Music has always been around Margaux Sauvé, born in Quebec to a family of musicians; she picked up the violin at the tender age of five. Moving on to the Conservatoire in Quebec, she quit due to “missing the fun part of it” but still loved music so started to play violin in local bands. Singing came a bit later as she thought that “to be a singer you had to have a powerful voice and be loud”, something that doesn’t come naturally to her as a quiet, thoughtful person. Alongside this, the pop music on the radio whilst growing up in Quebec wasn’t connecting with her, so it wasn’t until she started to write music whilst studying psychology at University that the creativity and desire to express revealed itself: “it just opened a completely new path for me”.
Writing music as Ghostly Kisses arrived at a moment where Margaux was in “a living situation I was not able to get out of.

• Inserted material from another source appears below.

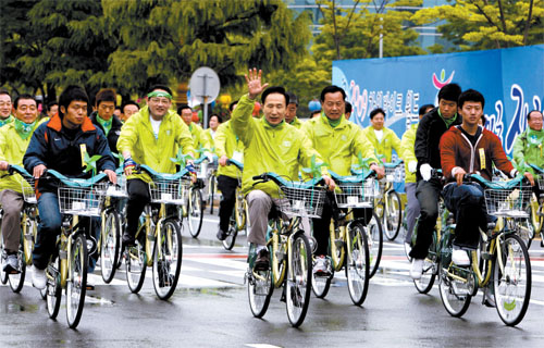 李明博當天出席在慶南昌原舉行的“第一屆韓國自行車慶典”閉幕活動,并通過賀詞作了上述表述。他說,大城市應建設可安全騎自行車的專用道,并制定保險制度,同時為建立各項基礎設施做諸般工作。政府正在制定相關計劃。

A toxic relationship where I had a hard time understanding what was happening.” With this knowledge, it is understandable that most of her early music has a sorrowful but exploratory mood; knowing there were things she needed to express, but not understanding quite how instinctively she was writing until years later it became apparent what she was singing about.
And now, with ‘Heaven, Wait’, her mesmeric debut album ready for release, her songwriting has developed to the point that this is the first time she has written and felt like she was part of the conversation. Able to view herself with an external eye, the album reflects transitions and rebirth – still talking about difficult situations, but with the ability to cast someone else in the lead role, giving the music a deeply personal yet starkly universal appeal. One which Margaux feels has come from “a more mature, adult way of looking at it.”